October 14: Benjamin Nachman (Lawrence Berkeley National Laboratory)
Title: Building Robust Deep Learning Methods for High Energy Physics
[Nachman Talk Recording] [Nachman Talk Slides]
Abstract: Deep Learning is becoming a widely used tool in High Energy Physics to enhance the search for new elementary particles and forces of nature. However, great care is required to design new methods that are robust in order to perform reliable statistical tests with our data (e.g. preventing false claims of discovery!). In this talk, he will provide examples from high energy physics related to uncertainty/inference-aware deep learning and draw a connection to algorithmic fairness and related topics in the statistics and machine learning literature.
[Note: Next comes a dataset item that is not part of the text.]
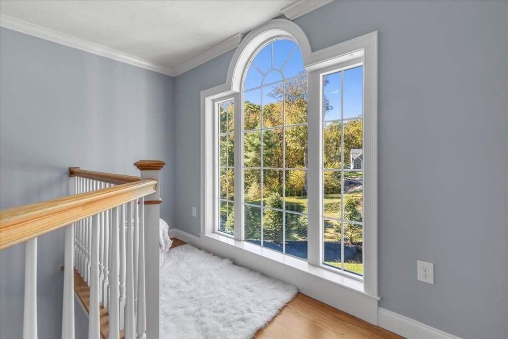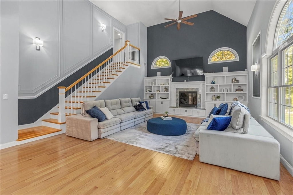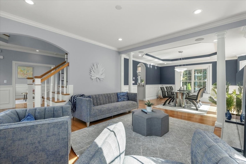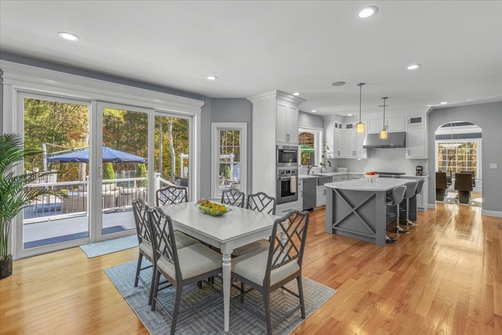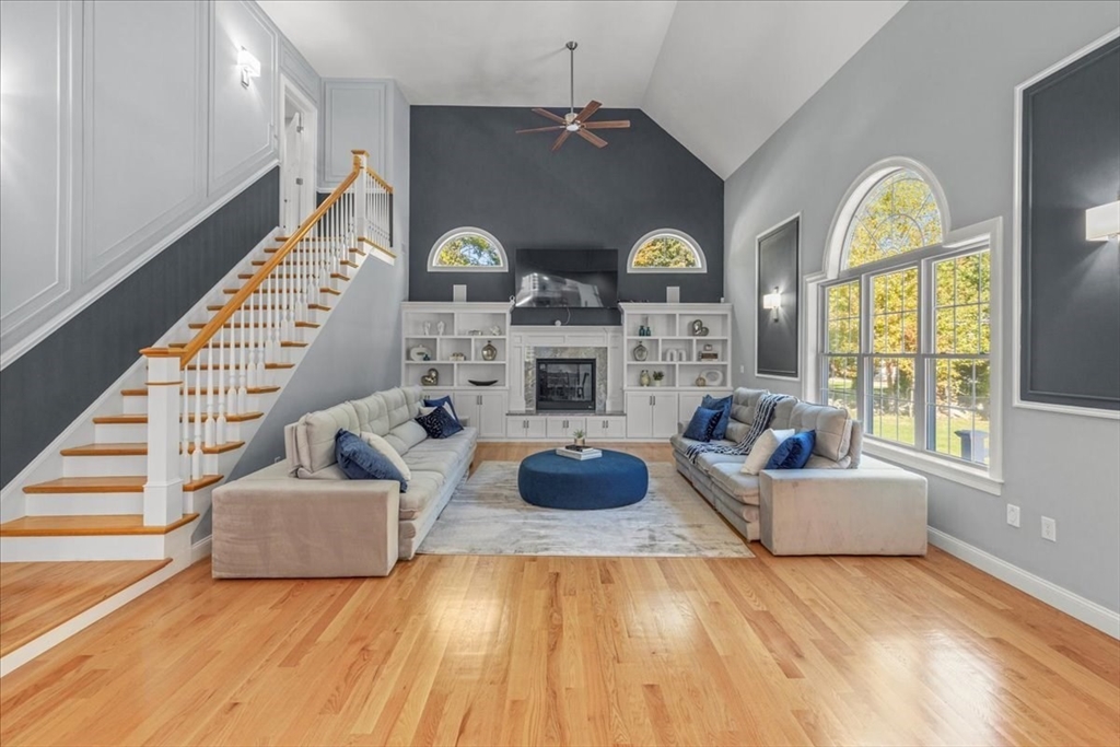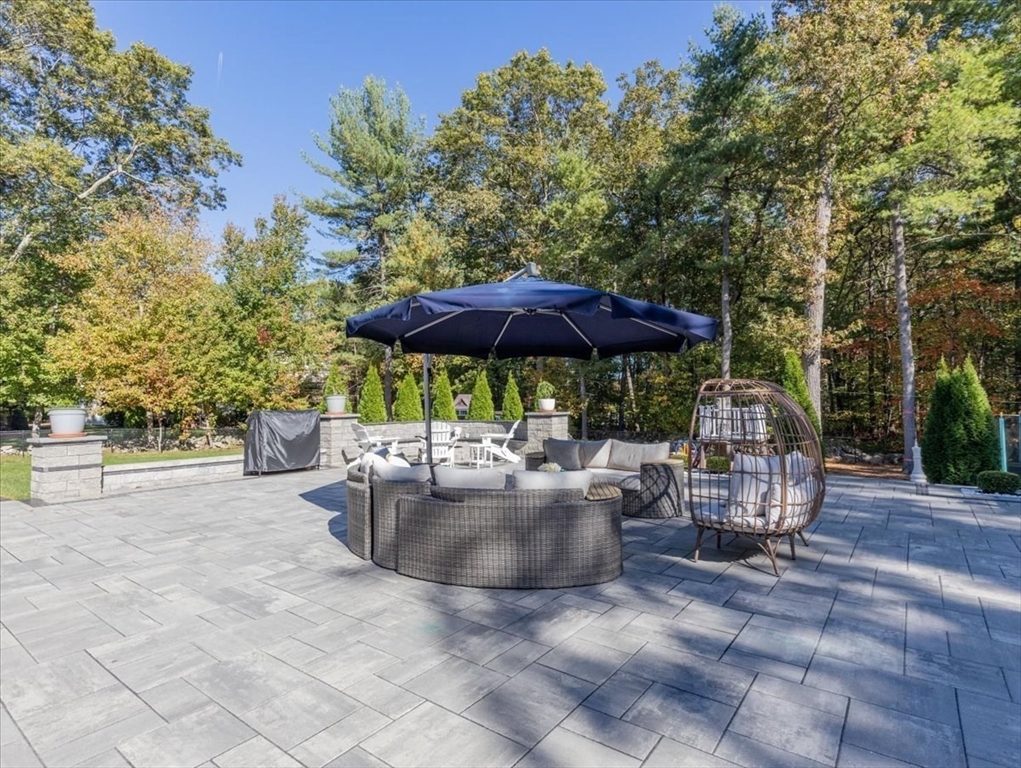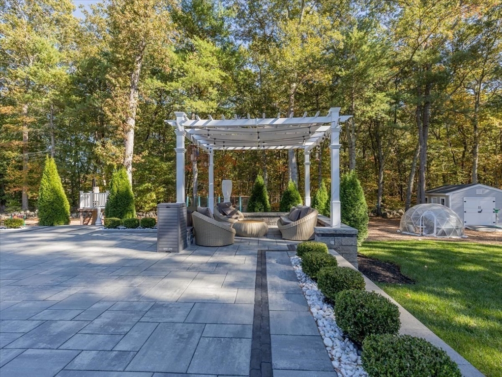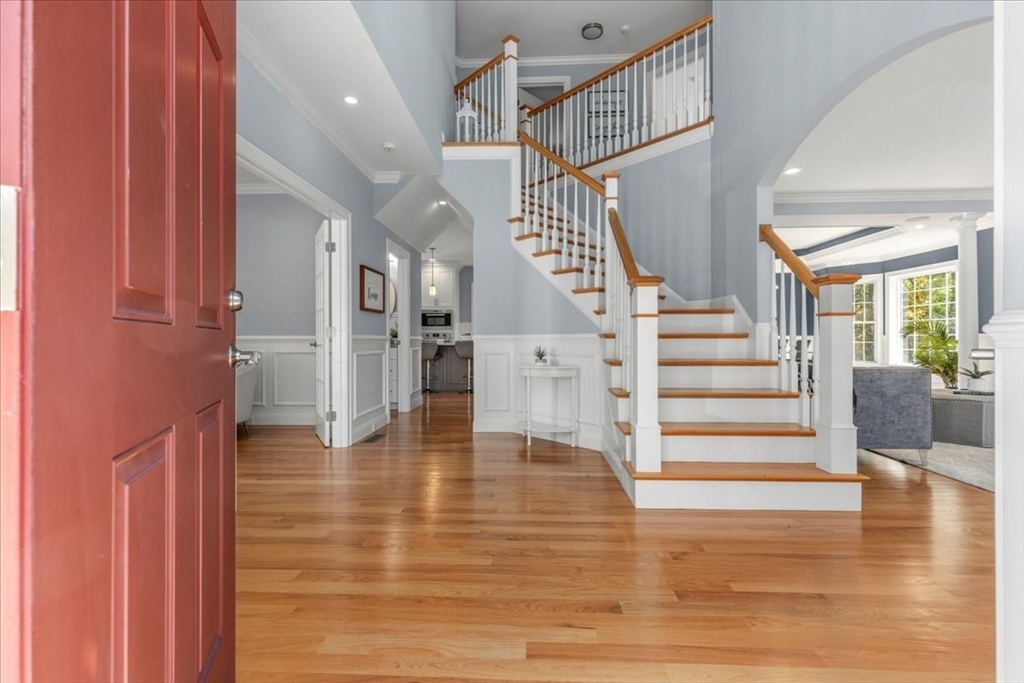 Welcome to 4 Lost Brook Trail in Walpole—an exceptional 5BR, 3BA Colonial built in 2020 on 2.94 private acres abutting conservation land. With 5800 sq ft, this home impresses with a soaring foyer, custom millwork, and abundant light. The gourmet kitchen offers a large 8 1/2 foot island, high-end Wolf appliances, 42" Sub-Zero fridge, walk-in pantry, and breakfast nook opening to a step-down cathedral family room with fireplace. Formal dining with bay window and an elegant living room provide ideal entertaining. The primary suite boasts a tray ceiling, spa bath with soaking tub, glass shower, dual vanities, and walk-in closet. Three additional bedrooms plus a bonus room add flexibility. The finished basement with bar and movie theatre elevates recreation. Outdoors, enjoy an expansive 50'x56' patio with built-in hot tub, firepit, and pergola. Nestled in North Walpole’s premier enclave near schools, parks, shopping, and major routes, this rare offering is complete with a three-car garage.

Bio: Ben Nachman is a Staff Scientist in the Physics Division at LBNL where he is the group leader of the cross-cutting Machine Learning for Fundamental Physics group. He was a Churchill Scholar at Cambridge University and then received his Ph.D. in Physics and Ph.D. minor in Statistics from Stanford University. After graduating, he was a Chamberlain Fellow in the Physics Division at Berkeley Lab. Nachman develops, adapts, and deploys machine learning algorithms to enhance data analysis in high energy physics. He is a member of the ATLAS Collaboration at CERN.
October 27: STAMPS-NSF AI Planning Institute Joint Seminar - Kaze Wong (Flatiron Institute)
Title: Challenges and Opportunities from gravitational waves: data scientists on diet
[Wong Talk Recording]
Abstract: The gravitational wave (GW) community has numerous exciting discoveries in the past 7 years, from the first detection to a catalog of ~80 GW events, containing all sorts of surprises such as binary neutron stars and neutron star-black hole mergers. In the coming decade, there will be next generation facilities such as the third generation GW detectors network and space-based GW observatory, that will provide many more surprising events. There are quite a number of open modelling and data analysis problems in GW that await to be solved in order to unlock the full potential of next generation detections. Despite the recent rapid development of machine learning and efforts trying to solve these problems in GW, it seems GW has a number of traits which make applying machine learning to GW difficult. In this talk, I will discuss a number of challenges and opportunities in GW, and some insights from GW on how we should apply modern techniques such as machine learning to physical science in general.
Bio: Kaze Wong is a research fellow studying black holes through gravitational waves at the Flatiron Institute. He graduated from the physics and astronomy department of Johns Hopkins University in 2021, and he is the recipient of the 2021 GWIC-Braccini Prize. Kaze's research centers around the intersection between physical science and deep learning. He is particularly interested in building production-grade hybrid methods to take on challenges in physical science.
December 9: STAMPS-ISSI Joint Seminar - Rebecca Willett (University of Chicago)
Title: Machine Learning for Inverse Problems in Climate Science
[Willett Talk Recording] [Willett Talk Slides]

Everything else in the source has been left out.